_Exercise brief_
Give again, word for word, every line below from the one that has "fit & flare dress" through the one that has "Ein jedes Werk, das", both included, and no others.

(Dataset records Opens)

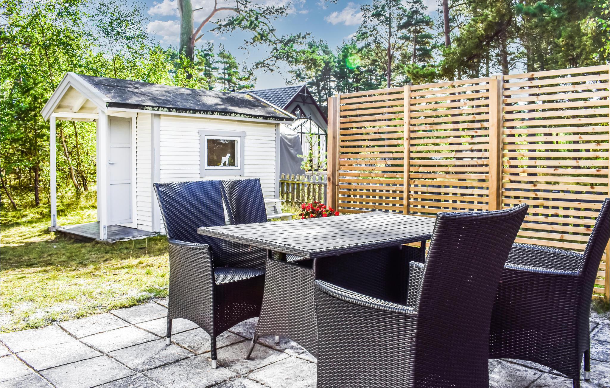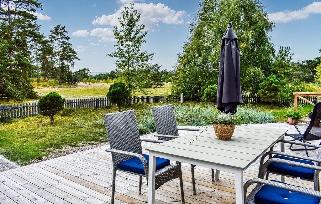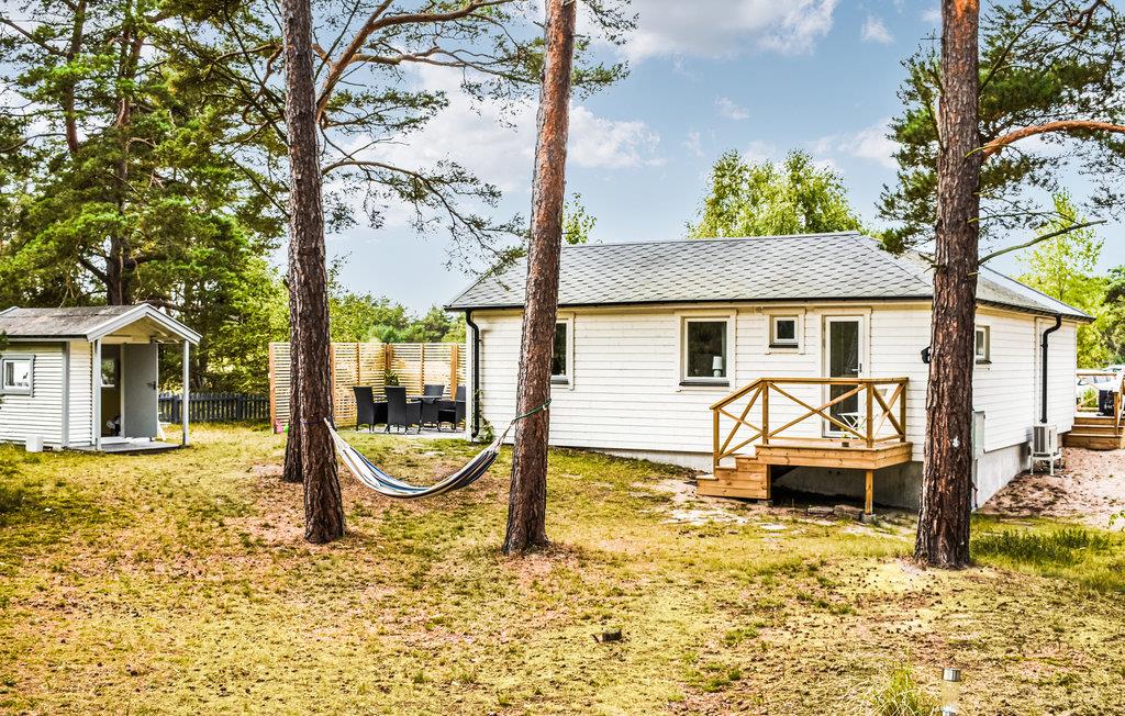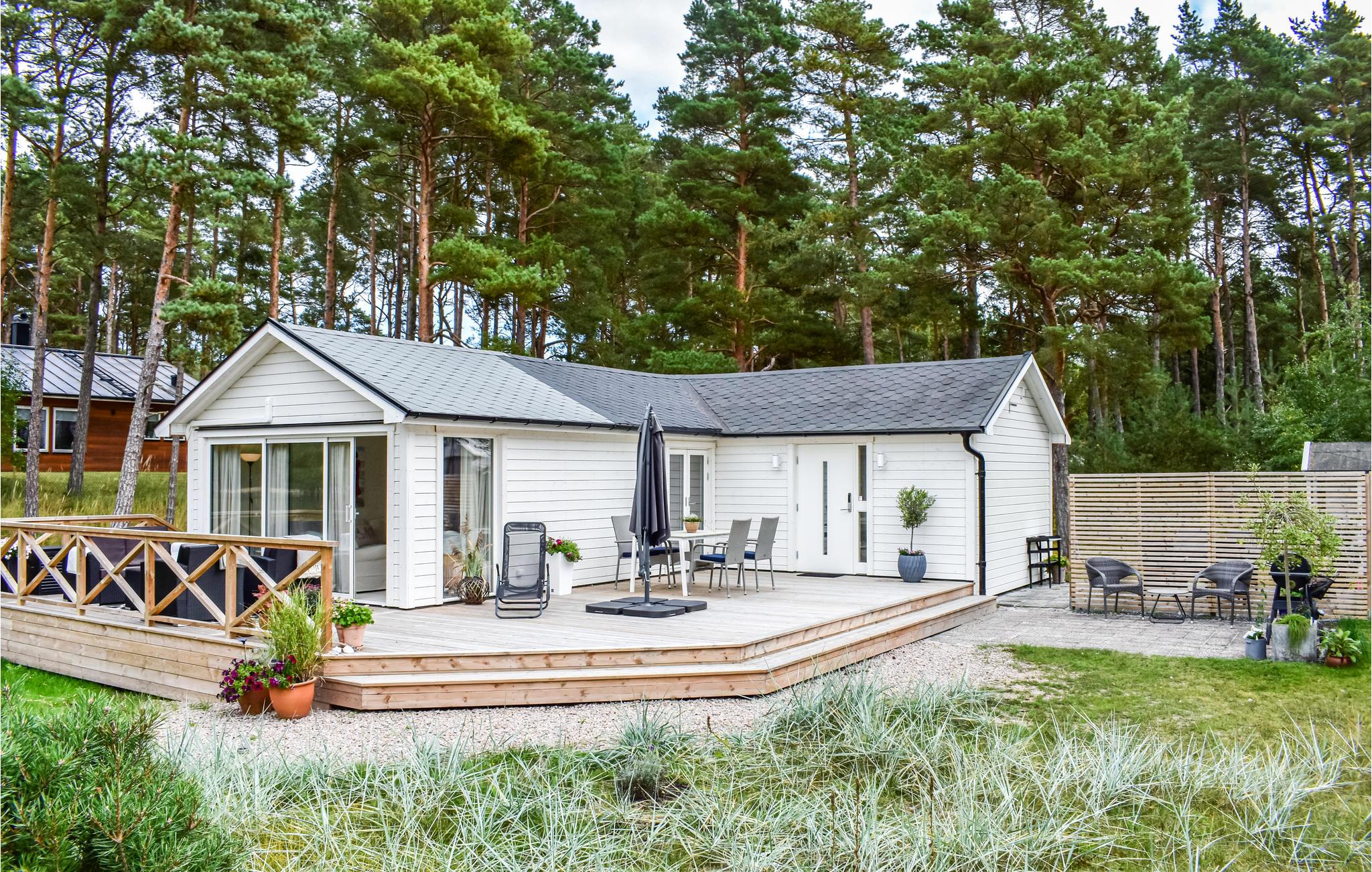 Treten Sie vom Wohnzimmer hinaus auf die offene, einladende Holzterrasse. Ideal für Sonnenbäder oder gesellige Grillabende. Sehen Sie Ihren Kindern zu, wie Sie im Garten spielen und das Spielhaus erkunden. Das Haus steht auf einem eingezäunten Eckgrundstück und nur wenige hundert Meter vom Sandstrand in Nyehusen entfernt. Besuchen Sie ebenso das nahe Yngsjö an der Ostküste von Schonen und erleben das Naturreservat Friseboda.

(Dataset records Closes)
(Dataset records Opens)

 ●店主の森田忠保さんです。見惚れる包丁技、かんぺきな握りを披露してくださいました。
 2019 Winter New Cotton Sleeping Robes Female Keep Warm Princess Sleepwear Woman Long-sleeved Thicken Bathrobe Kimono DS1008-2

(Dataset records Closes)
(Dataset records Opens)

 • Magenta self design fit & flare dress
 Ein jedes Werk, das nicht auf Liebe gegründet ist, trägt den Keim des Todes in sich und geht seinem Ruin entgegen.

(Dataset records Closes)

_Output_
 • Magenta self design fit & flare dress
 Ein jedes Werk, das nicht auf Liebe gegründet ist, trägt den Keim des Todes in sich und geht seinem Ruin entgegen.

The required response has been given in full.